Dataset extract:
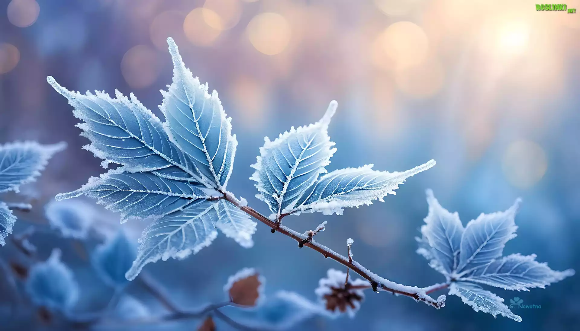 Niebieskie, Zmarznięte, Liście, Grafika
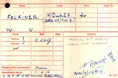 1921 Sept 21 Relinquishes his commission on completion of service. Durham L.I. Temp. Lt. W. V. Falkiner, MC. and retains the rank of Lt. Gazette . One of the quirks of army beauracracy
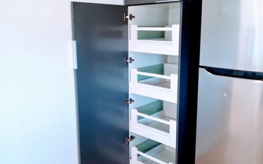 Cada detalle ha sido cuidadosamente pensado, desde los cajones con riel telescópico oculto de 500 mm de cierre suave, que ofrecen una apertura y cierre sin esfuerzo, hasta las puertas de apertura superior con bombas neumáticas que añaden un toque de innovación y practicidad.
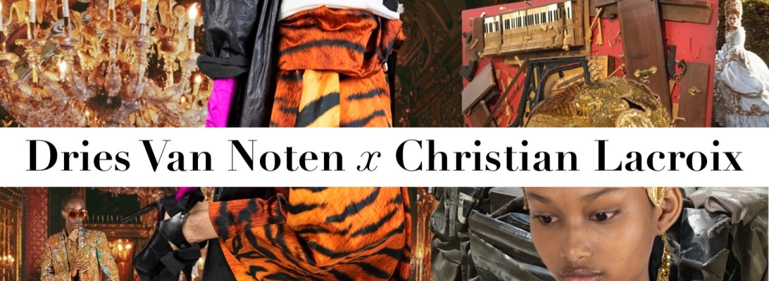 Three weeks ago I’ve been to my beloved Paris – the pre-coronavirus-outbreak times… – and now is the moment to share some of my highlights. A trip to the Dries Van Noten store on the Left Bank is a ritual, but this time, it was even more important because of the very special collection that is there. I mean spring-summer 2020, the one where Dries collaborated with the legendary designer Christian Lacroix. You might have already observed that I really fell in love with this one-of-a-kind collaboration. Or better, say match; dialogue; meeting. When this bacame a fact during the last Paris fashion week, in that very moment the planets moved or maybe the time stopped. This collection is something you never thought you needed in your life. I’m still in absolute awe, while going through the looks over and over again. “The idea is to bring fun ideas, nothing too serious, things that I think perhaps we have lost a little in fashion”, Van Noten told the press back then. “I wanted to do something joyful”. Dries and Christian weren’t acquainted before their collab (it came up spontaneously), but their contrasts became actual similitaries once they started working together. They fulfilled each other. Lacroix’s iconic legacy of ‘never too much’ combined with Van Noten’s mastership of colour-and-print balance. Looking at the final result, all the Lacroix signatures are in place, filtered through Van Noten’s sensibility: polka dots, broad stripes, animal prints, ruffles, matador jackets, gigot sleeves, silks woven with scaled up, bright flowers, pouf skirts, duchesse satin and grosgrain. The vocabulary of Dries Van Noten is fused with that of Mr. Christian Lacroix throughout: said jacquards have been scanned and appear as prints across cotton and organza; lightweight polyesters, made out of recycled plastic bottles and coated papers rustle alongside precious French silks; basic white tops are decorated with a single overblown embroidered sleeve here, jeans with an appliquéd feather or feather print on one leg there. If Mr. Lacroix was among the most feted couturiers of the latter part of the 20th century (in his own words, he “failed with ready-to-wear”), Dries Van Noten is one of the pret-a-porter leaders of today. It’s a match made in heaven. Such fashion wonders happen very, very rarely, so seeing them IRL, in the charming Van Noten boutique, was an ecstatic experience. Below are photos I took there, mixed with my new collages feauturing the collection photographed by Tommy Ton. As most of us are staying at home now, here‘s a link to the interview where both designers talk about their work – and even if you’ve seen it, it’s worth rewatching!

Task statement:
Would it be possible to copy the material exactly, excluding the images?

Answer section:
 Niebieskie, Zmarznięte, Liście, Grafika
 1921 Sept 21 Relinquishes his commission on completion of service. Durham L.I. Temp. Lt. W. V. Falkiner, MC. and retains the rank of Lt. Gazette . One of the quirks of army beauracracy
 Cada detalle ha sido cuidadosamente pensado, desde los cajones con riel telescópico oculto de 500 mm de cierre suave, que ofrecen una apertura y cierre sin esfuerzo, hasta las puertas de apertura superior con bombas neumáticas que añaden un toque de innovación y practicidad.
 Three weeks ago I’ve been to my beloved Paris – the pre-coronavirus-outbreak times… – and now is the moment to share some of my highlights. A trip to the Dries Van Noten store on the Left Bank is a ritual, but this time, it was even more important because of the very special collection that is there. I mean spring-summer 2020, the one where Dries collaborated with the legendary designer Christian Lacroix. You might have already observed that I really fell in love with this one-of-a-kind collaboration. Or better, say match; dialogue; meeting. When this bacame a fact during the last Paris fashion week, in that very moment the planets moved or maybe the time stopped. This collection is something you never thought you needed in your life. I’m still in absolute awe, while going through the looks over and over again. “The idea is to bring fun ideas, nothing too serious, things that I think perhaps we have lost a little in fashion”, Van Noten told the press back then. “I wanted to do something joyful”. Dries and Christian weren’t acquainted before their collab (it came up spontaneously), but their contrasts became actual similitaries once they started working together. They fulfilled each other. Lacroix’s iconic legacy of ‘never too much’ combined with Van Noten’s mastership of colour-and-print balance. Looking at the final result, all the Lacroix signatures are in place, filtered through Van Noten’s sensibility: polka dots, broad stripes, animal prints, ruffles, matador jackets, gigot sleeves, silks woven with scaled up, bright flowers, pouf skirts, duchesse satin and grosgrain. The vocabulary of Dries Van Noten is fused with that of Mr. Christian Lacroix throughout: said jacquards have been scanned and appear as prints across cotton and organza; lightweight polyesters, made out of recycled plastic bottles and coated papers rustle alongside precious French silks; basic white tops are decorated with a single overblown embroidered sleeve here, jeans with an appliquéd feather or feather print on one leg there. If Mr. Lacroix was among the most feted couturiers of the latter part of the 20th century (in his own words, he “failed with ready-to-wear”), Dries Van Noten is one of the pret-a-porter leaders of today. It’s a match made in heaven. Such fashion wonders happen very, very rarely, so seeing them IRL, in the charming Van Noten boutique, was an ecstatic experience. Below are photos I took there, mixed with my new collages feauturing the collection photographed by Tommy Ton. As most of us are staying at home now, here‘s a link to the interview where both designers talk about their work – and even if you’ve seen it, it’s worth rewatching!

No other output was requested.